- GIVEN DATA -
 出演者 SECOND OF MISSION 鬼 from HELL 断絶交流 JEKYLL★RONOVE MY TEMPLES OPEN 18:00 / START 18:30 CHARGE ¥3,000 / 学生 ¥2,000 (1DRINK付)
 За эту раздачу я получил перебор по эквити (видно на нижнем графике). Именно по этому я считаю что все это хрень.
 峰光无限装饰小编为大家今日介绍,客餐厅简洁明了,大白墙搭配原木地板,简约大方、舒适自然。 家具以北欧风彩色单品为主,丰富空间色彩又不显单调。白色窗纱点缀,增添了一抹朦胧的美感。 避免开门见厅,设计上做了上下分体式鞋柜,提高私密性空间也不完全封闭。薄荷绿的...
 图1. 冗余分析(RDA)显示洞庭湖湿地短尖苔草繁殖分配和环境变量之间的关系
...
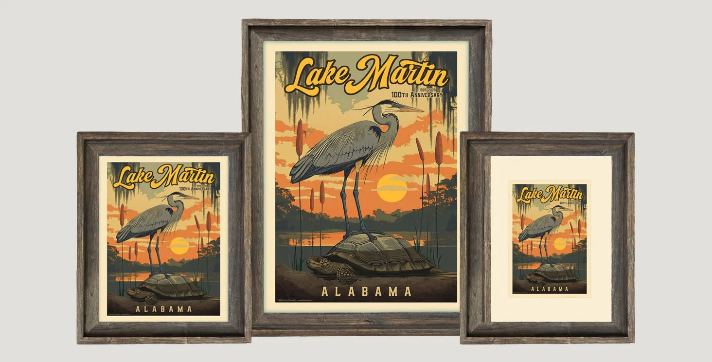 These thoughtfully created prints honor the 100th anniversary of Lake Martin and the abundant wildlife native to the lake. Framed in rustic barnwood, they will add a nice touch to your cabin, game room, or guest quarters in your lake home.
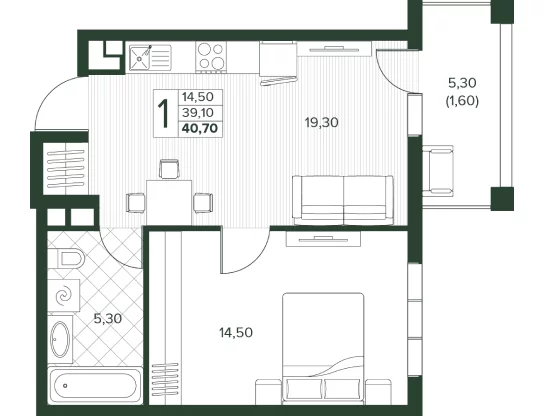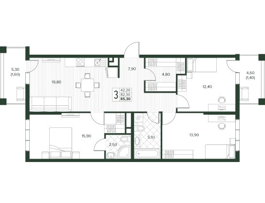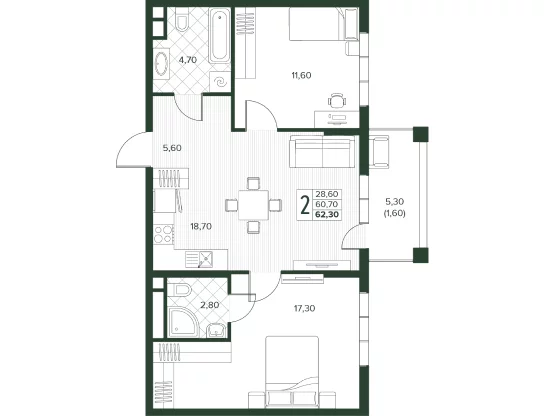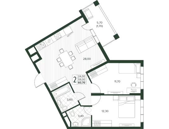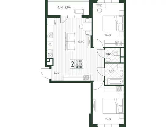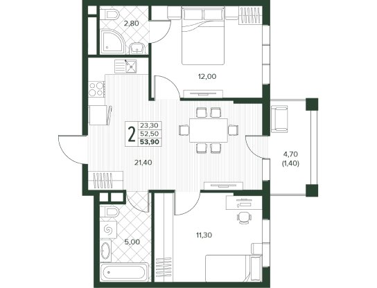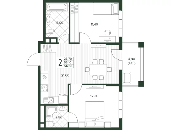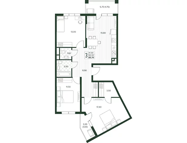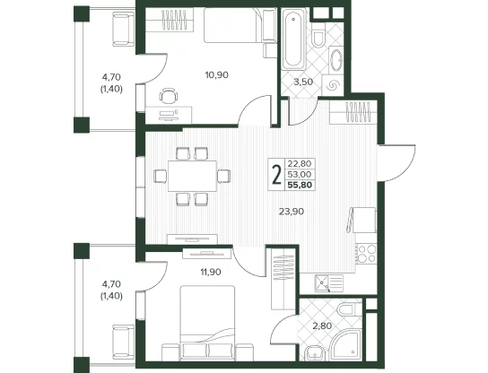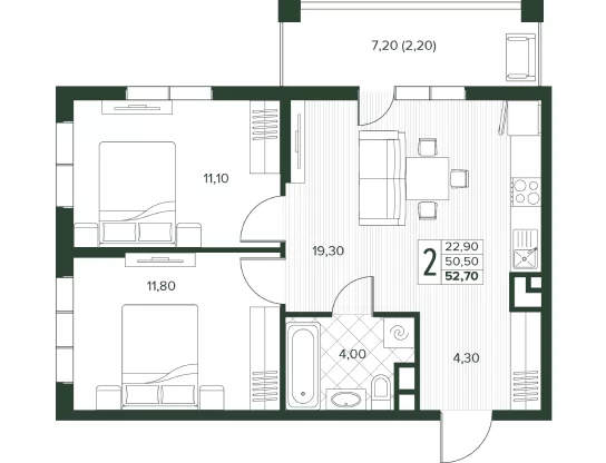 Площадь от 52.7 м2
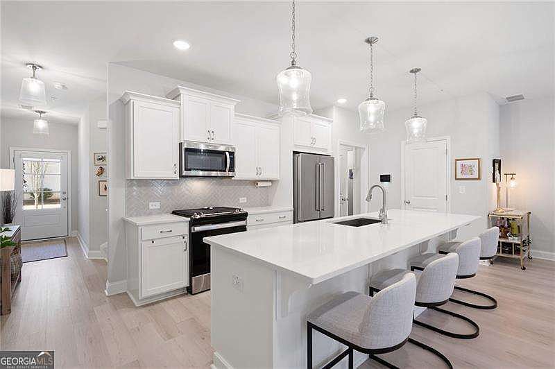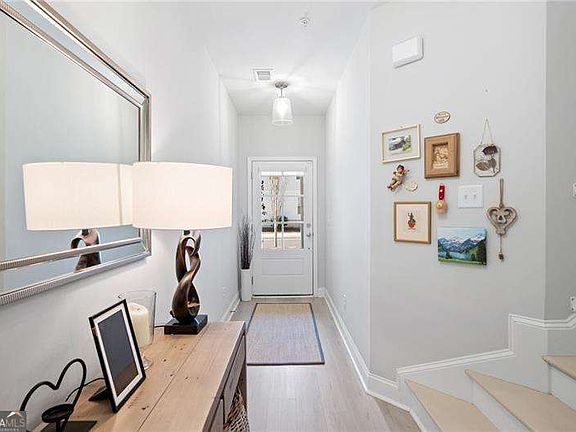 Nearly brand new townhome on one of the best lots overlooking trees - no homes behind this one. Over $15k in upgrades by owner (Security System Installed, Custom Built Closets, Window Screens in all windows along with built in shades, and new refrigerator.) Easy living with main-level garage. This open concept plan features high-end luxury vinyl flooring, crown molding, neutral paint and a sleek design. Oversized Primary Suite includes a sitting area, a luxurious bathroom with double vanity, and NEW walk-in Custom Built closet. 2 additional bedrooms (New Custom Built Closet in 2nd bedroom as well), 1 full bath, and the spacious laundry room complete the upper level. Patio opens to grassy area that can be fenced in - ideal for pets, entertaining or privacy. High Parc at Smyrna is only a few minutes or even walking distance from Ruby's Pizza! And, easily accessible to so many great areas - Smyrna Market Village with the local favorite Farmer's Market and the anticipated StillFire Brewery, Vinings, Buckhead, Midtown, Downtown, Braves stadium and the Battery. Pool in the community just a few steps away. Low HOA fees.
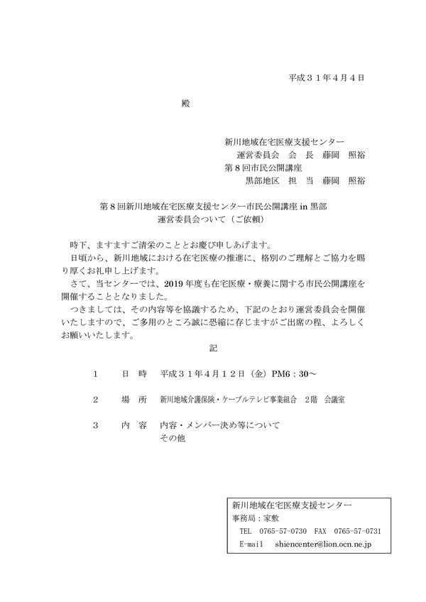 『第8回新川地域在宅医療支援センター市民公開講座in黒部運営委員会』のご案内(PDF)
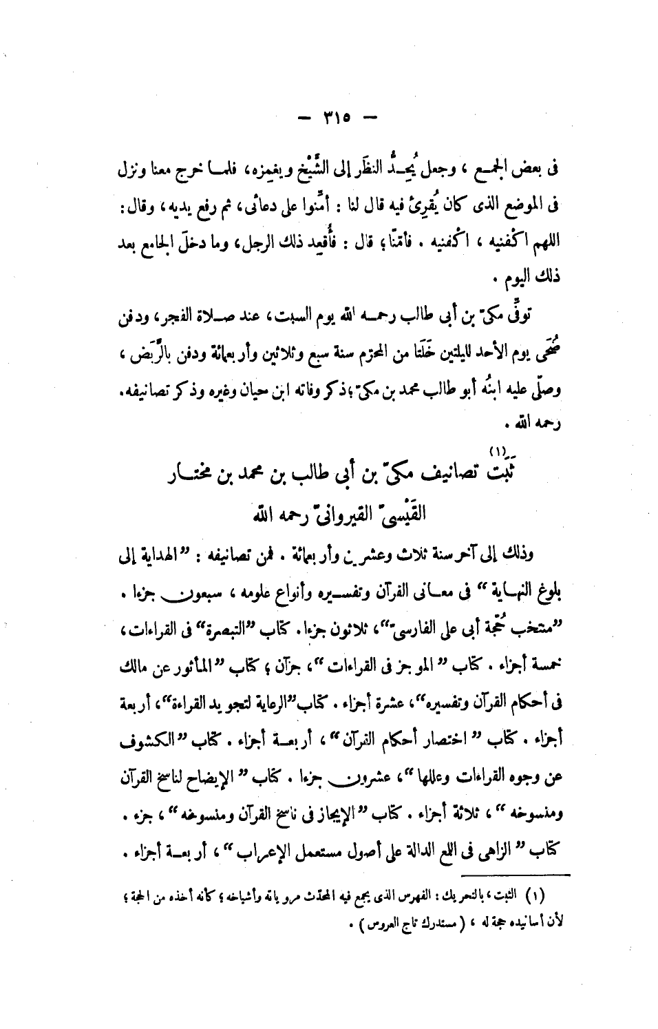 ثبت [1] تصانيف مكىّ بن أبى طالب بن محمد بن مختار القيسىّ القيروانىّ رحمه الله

- WHAT IS REQUIRED -
Copy the lines above between the one holding "Nearly brand new" and the one holding "ثبت [1] تصانيف", inclusive. Drop the pictures.

- TASK ANSWER -
 Nearly brand new townhome on one of the best lots overlooking trees - no homes behind this one. Over $15k in upgrades by owner (Security System Installed, Custom Built Closets, Window Screens in all windows along with built in shades, and new refrigerator.) Easy living with main-level garage. This open concept plan features high-end luxury vinyl flooring, crown molding, neutral paint and a sleek design. Oversized Primary Suite includes a sitting area, a luxurious bathroom with double vanity, and NEW walk-in Custom Built closet. 2 additional bedrooms (New Custom Built Closet in 2nd bedroom as well), 1 full bath, and the spacious laundry room complete the upper level. Patio opens to grassy area that can be fenced in - ideal for pets, entertaining or privacy. High Parc at Smyrna is only a few minutes or even walking distance from Ruby's Pizza! And, easily accessible to so many great areas - Smyrna Market Village with the local favorite Farmer's Market and the anticipated StillFire Brewery, Vinings, Buckhead, Midtown, Downtown, Braves stadium and the Battery. Pool in the community just a few steps away. Low HOA fees.
 『第8回新川地域在宅医療支援センター市民公開講座in黒部運営委員会』のご案内(PDF)
 ثبت [1] تصانيف مكىّ بن أبى طالب بن محمد بن مختار القيسىّ القيروانىّ رحمه الله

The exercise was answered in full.